Wednesday, May 9, 2012

Review: Perfect Madness by Judith Warner

Anne Taintor
Reviewed by Christina

Published: 2005

Full Title: Perfect Madness: Motherhood in the Age of Anxiety

It's about:  This righteously angry treatise explores the societal and historical pressures that create a burden of stressful expectations for middle-class mothers in America.  Ms. Warner explains how evolving parenting trends and cultural attitudes toward motherhood have culminated in our current unhealthy situation.  Working Moms and stay-at-homers alike tend toward perfectionism, continuous self-sacrifice, and ever increasing control-freakishness.  The author tells how we got here, why it's wrong, and how to fix the situation. 

I thought: Well.  I thought this was a pretty fascinating read, despite the fact that it not everything in it rings true for my generation of mommies.  The book is only seven years old, but the women quoted are closer to my mother's age than my own and the then-current statistics and situations Ms. Warner uses are from the period when I was in high school and college.  But still, I get it.  I feel for these women and their families: the endless list of "should"s, the constant procession of meaningless tasks day after day, the pain of feeling pressured to give every part of yourself to your kids.

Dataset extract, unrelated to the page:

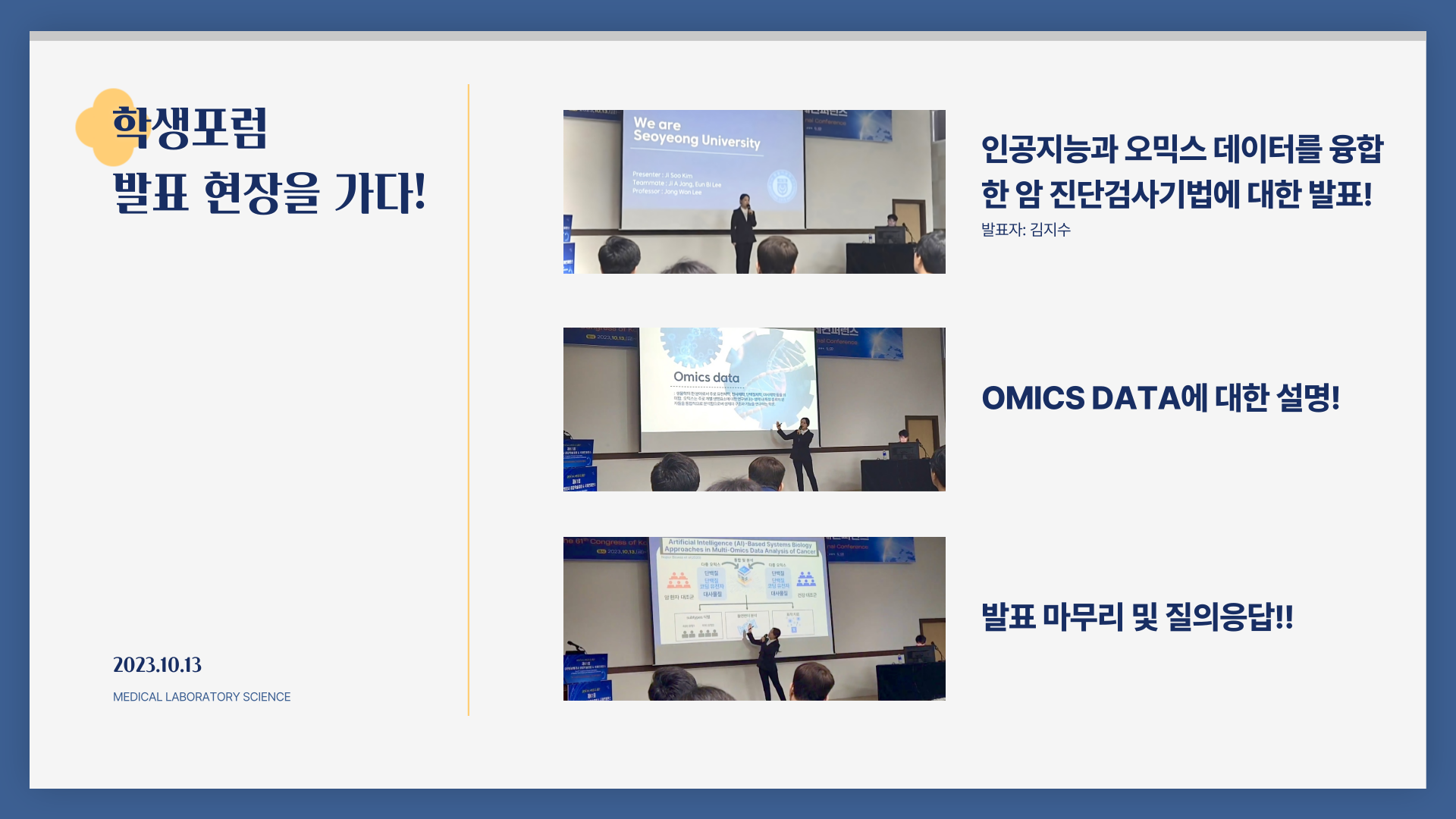 학생포럼에는 우리대학 임상병리과 1학년 김○수 학생팀이 ‘인공지능과 오믹스 데이터를 융합한 암 진단검사기법’이라는 주제로 발표하여 대상을 수상하였고, 2학년 황○영 학생팀 ‘FOR THIS THE POSTER DEMANDS FOR CHANGES IN THE EDUCATIONAL CURRICULUM OF CLINICAL PATHOLOGY TO PAVE THE FUTURE OF BIOMEDICAL HEALTH IN THE AI ERA’ 주제로 영문 포스터를 발표하여 국제우수포스터상을 수상하는 쾌커를 거뒀습니다.

There's some annoying melodrama in the writing style: someone's "words crackled like lightning" and sentences like "When the mommy light fades, will [the children] shiver in the dark?"  Ughhhh.  I have to fight not to snicker and/or roll my eyes when I read things like that, even if I do agree with the author's general premise and most of the arguments she makes.  People get worked up so easily about the "Mommy War" issues; there's really no need to try to pointedly ramp up the reader's emotions.  I am also not wild about the red and black cover that seems to scream "DANGER!" and "WARNING!" 

Perfect Madness is an interesting combination of forms: one-third personal essay, one-third informal history of American motherhood and feminism, and one-third reporting on and quotations from the interviews Ms. Warner held with hundreds of mothers.  The end result is 100% RANT, but since it's a rant I agree with, I didn't mind in the least.  I loved the parallels between mothering styles of the past and those of today, especially the comparisons between 1960's perfecto-moms and today's supermoms.  I think the similarities have even increased since this book was published, thanks to Mommy Blogs and the new coolness of craftiness.  And I completely agree with Judith Warner's argument that society (read: lawmakers) needs to step in and actually support families with more than lip service.  

Verdict: Stick it on the shelf!  It's not perfect, and it needs an update.  But it's still a well-written, well-researched, well-argued tract on an important subject.

Reading Recommendations: Obvs, moms will probably like this the best.  If you dig opinionated reporting and care about the lives of middle-class mothers, it's a pretty quick read.

Warnings: One chapter discusses marital sex in some detail.  One rather surprising swear word that I remember.

What I'm reading next: Then Came You by Jennifer Weiner  (my very first chick lit!)